Featurize and Save MoleculeNet Datasets to Google Drive with Colab

bharath · April 30, 2020, 1:13am

In previous posts, I’ve explained how to get DeepChem’s stable releases running in Colab (Getting DeepChem running in Colab) and DeepChem HEAD running in Colab (Running DeepChem HEAD in Colab). In this post, I’m going to show you how you can featurize and save a MoleculeNet dataset to Google Drive with Colab.

Why is this useful? Well, once you featurize a MoleculeNet dataset and save it to Google Drive, you can use it in future Colab sessions without needing to re-featurize. This can be really useful especially if you’re on the free tier of Colab and have shorter lived sessions. Let’s get cracking! To start, add a cell that installs DeepChem as usual

%tensorflow_version 1.x
!wget -c https://repo.anaconda.com/miniconda/Miniconda3-latest-Linux-x86_64.sh
!chmod +x Miniconda3-latest-Linux-x86_64.sh
!bash ./Miniconda3-latest-Linux-x86_64.sh -b -f -p /usr/local
!conda install -y -c deepchem -c rdkit -c conda-forge -c omnia deepchem-gpu=2.3.0
import sys
sys.path.append('/usr/local/lib/python3.7/site-packages/')

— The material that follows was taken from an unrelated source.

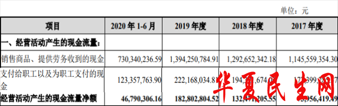 2017年至2020年上半年,公司经营活动产生的现金流量净额分别为7395.64万元、1.32亿元、1.83亿元、4679.03万元;销售商品、提供劳务收到的现金分别为11.46亿元、12.93亿元、13.94亿元、7.30亿元。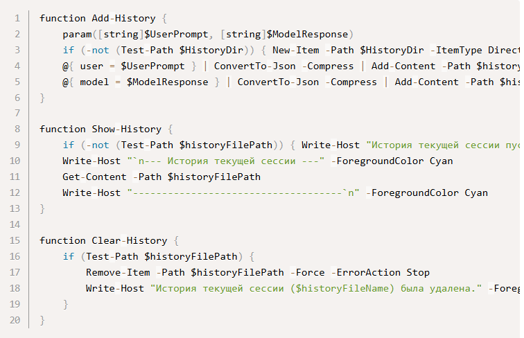 $HistoryDir = Join-Path... — формирует путь к папке для хранения истории диалогов (.gemini/.chat_history)

This will take about 4 minutes to run on your Colab instance. Once this is done, you need to mount your Google drive onto your Colab instance. You can do this by running a cell with the following command

from google.colab import drive
drive.mount('/content/drive')

When you run this cell, you’ll get a prompt asking you to authorize Colab access to Google drive. It’ll give you a link you can click to get an authorization code.

Your core Google drive is at /content/drive/My Drive/. I recommend making a folder to store your moleculenet datasets. I use /content/drive/My Drive/Colab Notebooks/Datasets. You can take a look at what’s in your folder by running a cell as follows (replace my location with yours)

import os
os.listdir('/content/drive/My Drive/Colab Notebooks/Datasets')

The next step we need to take is to set DEEPCHEM_DATA_DIR to point to this dataset. We can’t use the usual Bash command to do this. Rather, we have to run a cell with the following

import os
os.environ['DEEPCHEM_DATA_DIR'] = '/content/drive/My Drive/Colab Notebooks/Datasets/'

And now we import DeepChem. Note that we can’t import DeepChem before we set the DEEPCHEM_DATA_DIR! DeepChem reads environment variables at load time so we need the variable set before we load DeepChem.

import deepchem as dc

And now let’s check that we set DEEPCHEM_DATA_DIR correctly

dc.utils.get_data_dir()

You should see your chosen data directory listed. Now we’re set to load a MoleculeNet dataset

tasks, datasets, transformers = dc.molnet.load_tox21()

When you run this, you should see the logging note that it’s saving to the data directory you’ve set. Once the featurization is done, you can check that it was saved to your data directory by running

os.listdir('/content/drive/My Drive/Colab Notebooks/Datasets')

And you’re all set! Now run

tasks, datasets, transformers = dc.molnet.load_tox21()

and note how it reloads from your Google drive folder rather than refeaturizing. If you’re a heavy DeepChem user, I’d recommend taking some time to featurize MoleculeNet datasets onto drive. Then when you’re doing benchmarking or other work, you’ll have a full suite of datasets you can call with no overhead. Happy hacking!

jasonzdeng · May 1, 2020, 2:26am

Thanks for posting this. I found this is relevant, but in my case I have a huge dataset and I want to pre-featurize them, preferably with multiprocessing, and save them onto disk for future use. How to do this? Thanks!

bharath · May 1, 2020, 4:20pm

This is a good question! At a high level, you can featurize them and store them to disk in a DiskDataset. This can be done using a DataLoader class (if your data is in CSV/SDF files) or can be be done with a bit of custom code. I’ll try to put up a guide for how to process your own dataset in the next few weeks

jasonzdeng · May 5, 2020, 5:42pm

Sounds great! Thanks!